■ The problem ■
Only the lines below from the one containing "Министр юстиции Украины" through the one containing "在河北農資大廈職工食堂內,每" belong in the answer, set down exactly, with the pictures left out.

■ Dataset entries ■
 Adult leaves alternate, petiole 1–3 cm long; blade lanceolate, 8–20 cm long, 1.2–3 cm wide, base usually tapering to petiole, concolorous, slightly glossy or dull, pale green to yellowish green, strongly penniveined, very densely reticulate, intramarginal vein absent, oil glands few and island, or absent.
--
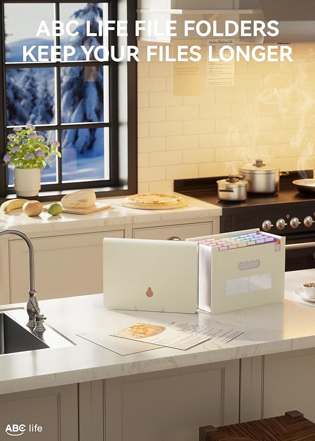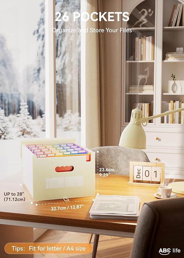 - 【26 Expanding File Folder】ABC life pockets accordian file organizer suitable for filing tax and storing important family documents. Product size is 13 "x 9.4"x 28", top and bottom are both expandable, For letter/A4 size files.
==
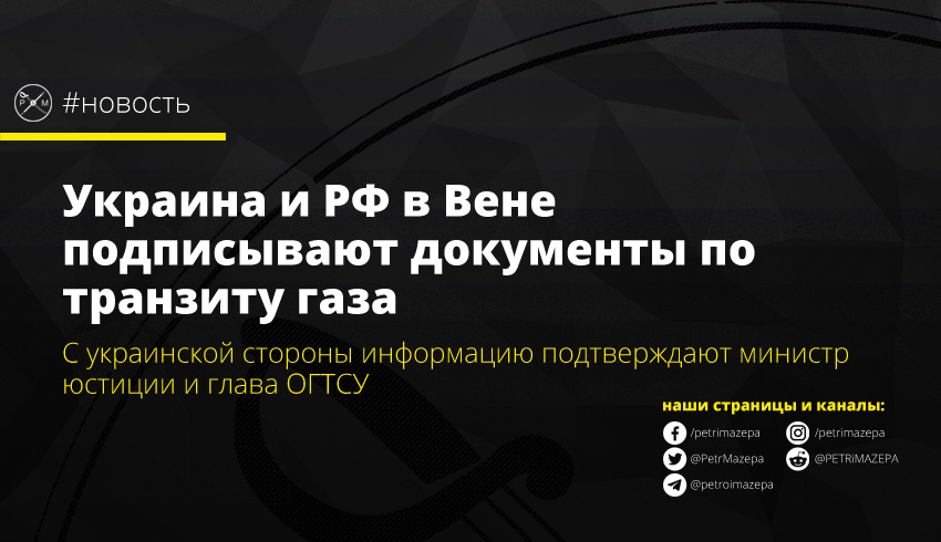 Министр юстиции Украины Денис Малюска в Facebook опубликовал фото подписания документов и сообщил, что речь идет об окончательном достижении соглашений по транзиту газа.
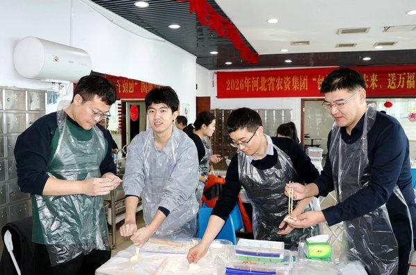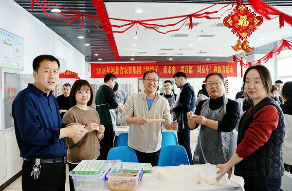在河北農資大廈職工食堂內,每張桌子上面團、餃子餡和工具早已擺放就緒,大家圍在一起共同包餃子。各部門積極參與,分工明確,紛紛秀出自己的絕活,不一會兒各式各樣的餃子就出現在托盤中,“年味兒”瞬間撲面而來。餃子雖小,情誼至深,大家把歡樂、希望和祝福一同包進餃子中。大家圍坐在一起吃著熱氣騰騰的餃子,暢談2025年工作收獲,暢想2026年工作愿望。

■ Written answer ■
 Министр юстиции Украины Денис Малюска в Facebook опубликовал фото подписания документов и сообщил, что речь идет об окончательном достижении соглашений по транзиту газа.
在河北農資大廈職工食堂內,每張桌子上面團、餃子餡和工具早已擺放就緒,大家圍在一起共同包餃子。各部門積極參與,分工明確,紛紛秀出自己的絕活,不一會兒各式各樣的餃子就出現在托盤中,“年味兒”瞬間撲面而來。餃子雖小,情誼至深,大家把歡樂、希望和祝福一同包進餃子中。大家圍坐在一起吃著熱氣騰騰的餃子,暢談2025年工作收獲,暢想2026年工作愿望。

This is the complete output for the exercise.